CC BY
31
Оригинальные исследования
УДК 612.017.1:[616.98.578.828.6HIV]-053.2
PARAMETERS OF THE IMMUNE SYSTEM IN HIV-INFECTED CHILDREN WITH
ACUTE RHINOSINUSITIS
Su/eymanov S.F.1, Kurbat M.N.2, Suleymanova M.F.3 1- Bukhara State Medical Institute, Bukhara, Uzbekistan 2- Educational Establishment «Grodno State Medical University», Grodno, Belarus
3- Bukhara regional center to fight AIDS, Bukhara, Uzbekistan
The aim of the research was to study immune status of 25 HIV-infected children with acute rhinosinusitis. The control group for comparison consisted of 14 practically healthy children. In HIV-infected patients with acute rhinosinusitis there have been revealed marked impairments of the immune status, especially on the part of the T-link of immunity and its subsets, as well as the disturbance of the humoral link of immunity. Under the influence of the administered treatment we have not revealed any definite changes in the immune status of the patients.
Key words: immune status, HIV-infection, acute rhinosinusitis, cellular immunity, humoral immunity, immunodeficiency.
Since 1983 when human immune deficiency virus (HIV) was first described in children, the epidemiology of pediatric AIDS has evolved significantly [6]. Within the last two decades of the 20-21st centuries HIV-infection of a man, a pandemic which continues to accrue, has become the leading cause of secondary immunodeficiency (SID) in children.
With the ongoing epidemic of HIV infections in the pediatric age group, providing safe and effective antiretroviral therapy for children and adolescents is crucial to save the lives of millions of children worldwide. Antiretroviral drugs have been demonstrated to significantly decrease HIV-associated morbidity and mortality, to assure normal growth and development, and to improve survival and quality of life in children and adolescents. The immunologic response to HIV infection is closely related to the child’s development and creates age specific parameters for the evaluation of therapeutic response to antiretroviral therapy in pediatric HIV disease. In addition to the changes in immunological response to HIV infection, the development and maturation of organ systems involved in drug absorption, distribution, metabolism, and elimination determines significant changes in the pharmacokinetics of antiretroviral drugs throughout the childhood. Multiple factors including age-specific adherence barriers, changes in social and economic environment, as well as psychological and sexual maturation affect the treatment choices and outcomes of pediatric HIV disease [3].
Cellular immune responses play a crucial role in the control of viral replication in HIV-infected individuals. However, the virus succeeds in exploiting the immune system to its advantage and therefore, the host ultimately fails to control the virus leading to the development of terminal AIDS. The virus adopts numerous evasion mechanisms to hijack the host immune system. Defeat of immune system in HIV-infection has systemic character, appearing as deep suppression of T-cellular immunity, particularly at T-helpers [10].
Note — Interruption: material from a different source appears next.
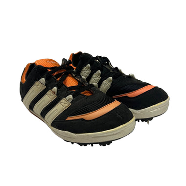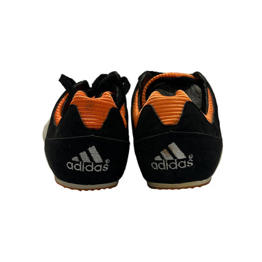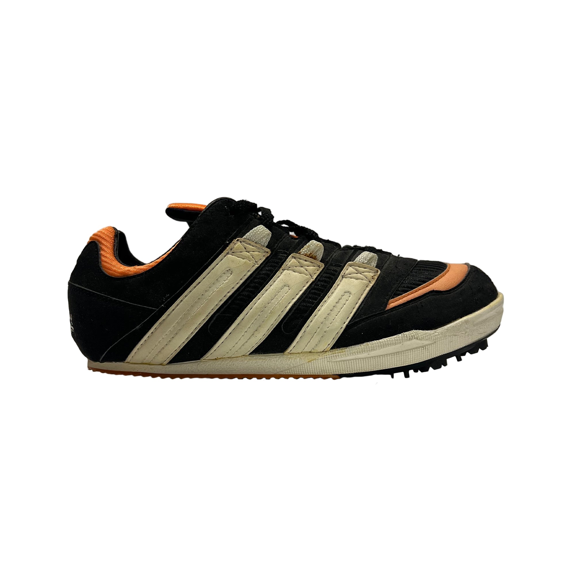 These Adistar Long Jump shoes are from an older collection and show signs of use, including marks and missing spikes on one shoe. They are offered at a significant discount, making them an excellent choice for budget-conscious athletes.

Disturbances in the homeostasis of different T-cell subsets during HIV infection have been linked to immune activation. As such, several separate populations of immune cells have been correlated with immune activation, including regulatory T cells (Tregs), dendritic cells, and gut-infiltrating lymphocytes. Tregs play an important role in the development of peripheral tolerance and counter immune activation with suppressive activity. Some studies demonstrated that removal of Tregs increased HIV-specific T-cell responses [5], while others show HIV-positive individuals with low Tregs have higher immune activation [2]. Plasmacytoid dendritic cells producing type I interferon have been related to increased activation of CD8+ T cells
and the progressive depletion of CD4+ T cells. A recently identified subset of T cells called Th17 cells may also be compromised by immune activation during HIV infection [12]. While systemic disturbances in the immune system are evident, the most drastic depletion of T cells occurs in the gut mucosa. Brenchley et al. [8] has recently reported that compromises to the mucosal barrier allow microbial translocation of bacterial products into systemic circulation causing immune activation. They demonstrated that plasma lipopolysaccharide and soluble CD14 correlated with systemic immune activation, and sooty mangabeys with nonpathogenic SIV (Simian Immunodeficiency Virus) infection did not have evidence of microbial translocation. Thus, several mechanisms of immune activation have been proposed, yet many questions remain unanswered.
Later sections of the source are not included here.